C’è, in verità, un cordone di protezione a cui aggrapparsi, fatto di parrocchie, associazioni, donne e uomini di buona volontà che lavorano incessantemente per far nascere fiducia, relazioni, convivenza civile, cultura, cultura dei diritti, legalità, libertà e bellezza. Ma questo cordone non può sostituire lo Stato, la comunità politica organizzata che ha per fine di offrire ad ogni donna, uomo, bambino o vecchio le migliori condizioni per vivere dignitosamente e provare a essere felice con gli altri. Qui, a Scampia, questo Stato è assente, latita, è distratto, ha sempre altro da fare. E le sventure e le morti si susseguono inesorabilmente perché i tempi delle risposte politiche ai problemi di un quartiere nato “non voluto”, “non pensato”, “per errore”, fragilissimo, sono tardive. Sempre tardive, rispetto “al-di-più” del desiderio di vita che trabocca dalle sue desolate vie.

Scampia è, suo malgrado, un luogo dove si addensano molte contraddizioni, ne diventa paradigma, come mostra la fertilità dell’ispirazione che fornisce a tanti scrittori, poeti, artisti.

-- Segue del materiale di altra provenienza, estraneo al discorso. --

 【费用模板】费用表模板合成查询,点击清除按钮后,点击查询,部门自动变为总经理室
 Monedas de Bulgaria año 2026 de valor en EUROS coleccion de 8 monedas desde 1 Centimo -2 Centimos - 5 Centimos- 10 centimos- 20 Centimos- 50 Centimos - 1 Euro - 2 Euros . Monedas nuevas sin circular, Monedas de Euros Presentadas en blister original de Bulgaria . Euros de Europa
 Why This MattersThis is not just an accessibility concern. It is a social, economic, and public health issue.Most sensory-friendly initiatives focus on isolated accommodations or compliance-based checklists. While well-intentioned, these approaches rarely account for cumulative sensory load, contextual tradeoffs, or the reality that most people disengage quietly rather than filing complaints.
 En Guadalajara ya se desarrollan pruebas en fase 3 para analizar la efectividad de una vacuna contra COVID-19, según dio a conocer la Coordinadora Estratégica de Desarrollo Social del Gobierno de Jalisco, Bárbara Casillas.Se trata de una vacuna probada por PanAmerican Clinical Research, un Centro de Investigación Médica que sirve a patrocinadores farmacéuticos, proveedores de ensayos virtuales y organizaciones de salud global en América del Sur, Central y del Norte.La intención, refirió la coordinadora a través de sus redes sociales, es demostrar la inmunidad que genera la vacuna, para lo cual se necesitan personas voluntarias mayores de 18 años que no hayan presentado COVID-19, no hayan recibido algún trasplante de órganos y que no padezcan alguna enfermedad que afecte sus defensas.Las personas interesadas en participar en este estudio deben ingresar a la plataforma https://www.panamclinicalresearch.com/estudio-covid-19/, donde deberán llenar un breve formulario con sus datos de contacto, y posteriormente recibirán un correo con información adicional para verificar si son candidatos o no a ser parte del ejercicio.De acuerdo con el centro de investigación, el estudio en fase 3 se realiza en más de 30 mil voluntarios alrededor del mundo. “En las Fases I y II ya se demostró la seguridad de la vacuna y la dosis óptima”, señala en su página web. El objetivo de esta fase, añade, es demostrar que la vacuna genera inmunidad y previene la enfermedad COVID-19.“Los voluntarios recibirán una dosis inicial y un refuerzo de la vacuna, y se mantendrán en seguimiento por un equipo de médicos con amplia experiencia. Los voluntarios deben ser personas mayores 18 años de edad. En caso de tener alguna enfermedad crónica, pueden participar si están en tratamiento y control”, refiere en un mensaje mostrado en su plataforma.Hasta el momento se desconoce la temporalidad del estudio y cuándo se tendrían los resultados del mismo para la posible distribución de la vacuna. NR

Groviglio emblematico di un Paese in declino che proprio non riesce, da decenni, a dipanare i suoi nodi (sempre gli stessi: lavoro, casa, istruzione, salute, trasporti, uguaglianza, giustizia …). Ora, gli occhi del mondo sono puntati sulla tragedia. Le parole abbondano, ma non restituiranno la vita agli innocenti, non leniranno il dolore immenso di chi resta, non raddrizzeranno gli esili steli delle vite dei piccoli, spezzati dal vento ingiusto di una storia sbagliata. Quanti sguardi smarriti?

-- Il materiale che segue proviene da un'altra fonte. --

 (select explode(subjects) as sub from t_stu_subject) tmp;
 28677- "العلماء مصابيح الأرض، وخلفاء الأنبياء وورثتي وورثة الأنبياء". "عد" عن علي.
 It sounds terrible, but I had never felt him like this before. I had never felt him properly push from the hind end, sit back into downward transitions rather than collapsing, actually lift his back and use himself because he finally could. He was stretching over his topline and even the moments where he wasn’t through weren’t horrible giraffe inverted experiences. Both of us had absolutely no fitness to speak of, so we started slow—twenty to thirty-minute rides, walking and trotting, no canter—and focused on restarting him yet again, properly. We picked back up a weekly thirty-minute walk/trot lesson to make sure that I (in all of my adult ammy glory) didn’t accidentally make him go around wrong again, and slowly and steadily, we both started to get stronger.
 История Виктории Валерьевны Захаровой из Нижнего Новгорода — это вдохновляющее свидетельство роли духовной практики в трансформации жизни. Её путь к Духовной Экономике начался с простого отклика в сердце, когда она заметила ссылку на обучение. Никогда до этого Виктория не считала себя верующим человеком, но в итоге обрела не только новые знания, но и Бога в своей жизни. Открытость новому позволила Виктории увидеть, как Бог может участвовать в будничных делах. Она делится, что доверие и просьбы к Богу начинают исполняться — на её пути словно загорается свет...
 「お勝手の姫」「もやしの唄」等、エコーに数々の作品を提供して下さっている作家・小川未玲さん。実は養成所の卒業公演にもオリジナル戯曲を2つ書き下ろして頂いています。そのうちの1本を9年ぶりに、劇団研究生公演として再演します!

Riecheggia in me, e spero nel cuore di molti, la “Parola” evangelica tante volte ascoltata: “Quale padre tra voi, se il figlio gli chiede un pane, gli darà una pietra? O se gli chiede un pesce, gli darà al posto del pesce una serpe? O se gli chiede un uovo, gli darà uno scorpione?”. “Parola” che martedì 22 luglio alle ore 22,40 col fragore di quel dannato ballatoio dimenticato è stata declinata in condanna: quale padre tra voi, se il figlio gli chiede una casa, gli darà una tomba?